SunPower files lawsuit against SunEdison, former employees for poaching trade secrets

Filed with the United States District Court for the Northern District of California, SunPower alleges that more than 20 employees from Spain and the U.S. left the Northern Californian solar system manufacturer between 2011 and 2014 to work for "direct" competitor, SunEdison, also based in the U.S.

In the filing submitted by attorneys Knobbe, Martens, Olson & Bear LLP, SunPower states its former employees contacted other SunEdison employees "to solicit and encourage" them to move to SunEdison. The company also says several of its former employees copied a large amount of data, including trade secrets, from SunPower before leaving to join SunEdison.

On May 25, the Court of Milan said it was likely that former SunPower employees had taken confidential data and passed it on to SunEdison. According to Law 360, the court then "allegedly issued an ex parte order requiring SunEdison to allow SunPower to search the contents of files, servers, personal computers, USB drives and CD-ROMs belonging to SunEdison’s Italian subsidiaries and seven former SunPower employees."

Finger pointing

In yesterday’s filing, SunPower states that "[Vikas] Desai, SunEdison’s President of Residential and Small Commercial, personally solicited and encouraged some SunPower employees to leave SunPower to join SunEdison."

Based on forensic analysis of laptops and work accounts, former area sales manager for SunPower, Shane Messer and former SunPower senior director, global brand, Kendall Fong are also accused of stealing around 14,000 files containing trade secrets, including propriety dealer information, distribution channel strategy information, market research and sales roadmaps in order to compete with SunPower.
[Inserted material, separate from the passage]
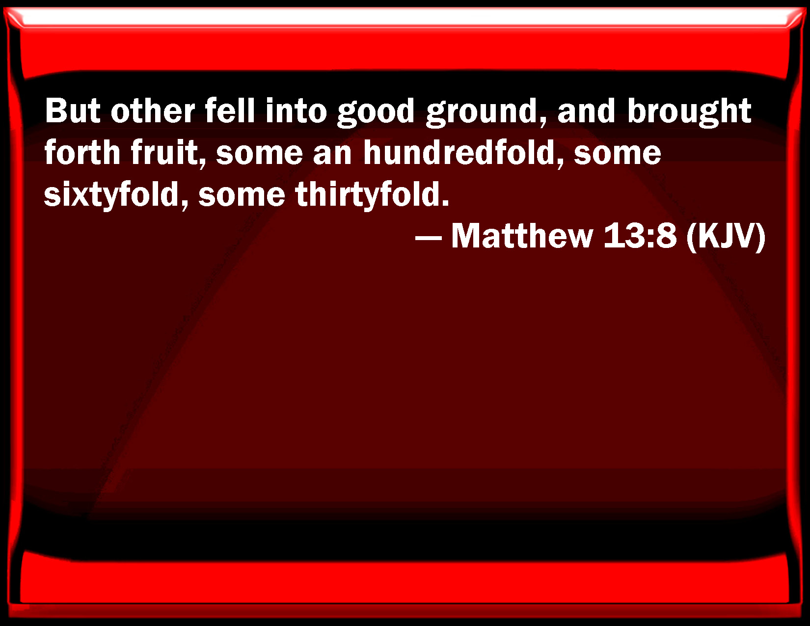 Bible Verse Slide Matthew 13:8 But other fell into good ground, and brought forth fruit, some an hundred times, some sixty times, some thirty times. KJV: But other fell into good ground, and brought forth fruit, some an hundredfold, some sixtyfold, some thirtyfold. DRB: And others fell upon good ground: and they brought forth fruit, some an hundredfold, some sixtyfold, and some thirtyfold. DBT: and others fell upon the good ground, and produced fruit, one a hundred, one sixty, and one thirty. ERV: and others fell upon the good ground, and yielded fruit, some a hundredfold, some sixty, some thirty. WBT: But others fell into good ground, and brought forth fruit, some a hundred-fold, some sixty-fold, some thirty-fold. WEB: Others fell on good soil, and yielded fruit: some one hundred times as much, some sixty, and some thirty. YLT: and others fell upon the good ground, and were giving fruit, some indeed a hundredfold, and some sixty, and some thirty.Links Matthew 13:8 NIV • Matthew 13:8 NLT • Matthew 13:8 ESV • Matthew 13:8 NASB • Matthew 13:8 KJV • Matthew 13:8 Interlinear • Matthew 13:8 Commentaries • Matthew 13:8 Parallel Texts • Matthew 13:8 Bible Apps • Matthew 13:8 Parallel • Bible Hub |

Overall, 14 causes of action have been filed, including computer fraud and abuse, trade secret misappropriation and breach of contract.

SunPower is reportedly seeking any profits or revenues allegedly obtained by Messer, Fong and SunEdison as a result of any disclosure or use of trade secrets or proprietary information.

Financials

SunEdison is the largest renewable energy company globally. In addition to the formation of its recent yieldco platforms, it entered the wind energy marketplace at the end of last year with the US$2.4 billion acquisition of First Wind. India’s Economic Times reports that it is now in negotiations to take over Continuum Wind Energy in Mumbai.

"SunEdison has already made a non-binding offer, valuing Continuum Wind Energy at Rs 3,720-3,900 crore ($620-650 million), inclusive of its debt, according to the people cited," wrote the Economic Times. Overall, SunEdison is reportedly aiming to install 15.2 GW of wind and solar energy in India over the next five years.

In the first three months of 2015, SunEdison saw its net loss slide from $288 million in Q4 2014, to $424 million. The company’s net sales also dropped both quarterly and annually, from $406 million in Q4 2014 and $340 million in Q1 2014, to $323 million.

SunPower, meanwhile, recorded a net loss of $9.6 million in Q1, compared to a net profit of $134.7 million in Q4. Its yieldco related costs came in at $9.9 million.